Custom sql - Select all key-value data from a field with string data type

Hi, I have a sample test string value below. The string is patterned like an array of hashes or dictionaries. I want to get the name values with type type02.

Expected output: id = “test03, test04, test05”

Sample test string:

data = "[{'testdata': 'has', 'name': 'test01', 'type': 'type01'}, {'testdata': 'does not have', 'name': 'test02', 'type': 'type03'}, {'testdata': 'has', 'id': 'test03', 'type': 'type02'}, {'testdata': 'has', 'id': 'test04', 'type': 'type02'}, {'testdata': 'has', 'id': 'test05', 'type': 'type02'}]"

At first I used calculated field but I can only retrieve the first type02 info in the string.

ifelse(
    contains(split(data, ',' , 2),'type02'),
    replace(replace(split(data, ',' , 2), "'id':", ''), "'", ''),
    NULL
)

output: id = “test03”

Since the value datatype is a string and there are a few ids that I need, I am trying to use custom SQL and create a new table field.
In Athena, I trimmed the data value then tried to use json_extract_scalar() to get the key-value data inside but was unsuccessful.

trim('[]' from data) as trimmed_data
json_extract_scalar(replace(replace(trimmed_data, '''', '"'), ': False', ': false'),'$.id') AS id

Do you have any suggestions on how to parse this type of data? Thank you.

Hi,

Question, Is the number of items in the data dictionary fixed or can it vary per row?

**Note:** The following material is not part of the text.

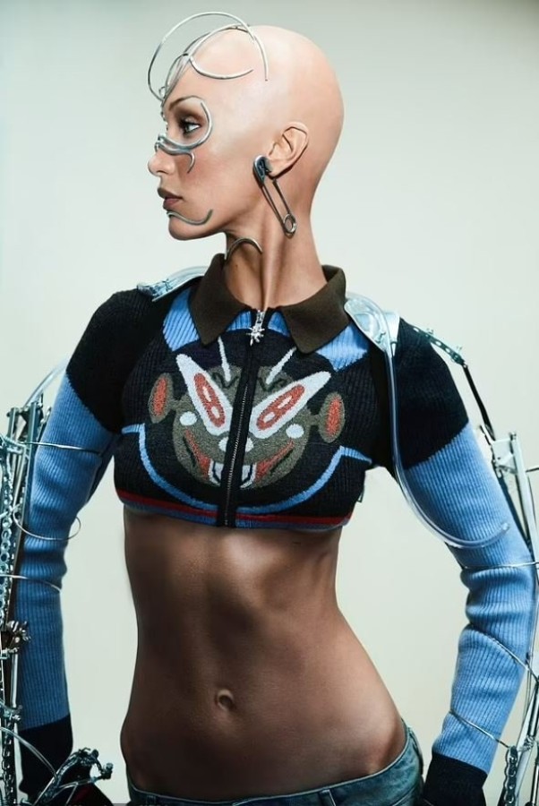 Bir başka fotoğrafta ise model tamamen çıplak, sadece gümüş bir kulak takısı ve omurgasından çıkan gümüş bir uzaylı dokunaçla görüldü.

Hello @andres007 , thank you for checking. The number of items are not fixed. And yes, it varies per row. Sometimes some keys like the id or type is not existing. Thanks

Hi,

If the number of elems and items is not known I have no ideas to try out, maybe someone else can help you here. If they were fixed you could just try nesting ifelse with splits.

1 Like

thanks for your help, @andres007 !

I’m still getting the same issue. Thank you.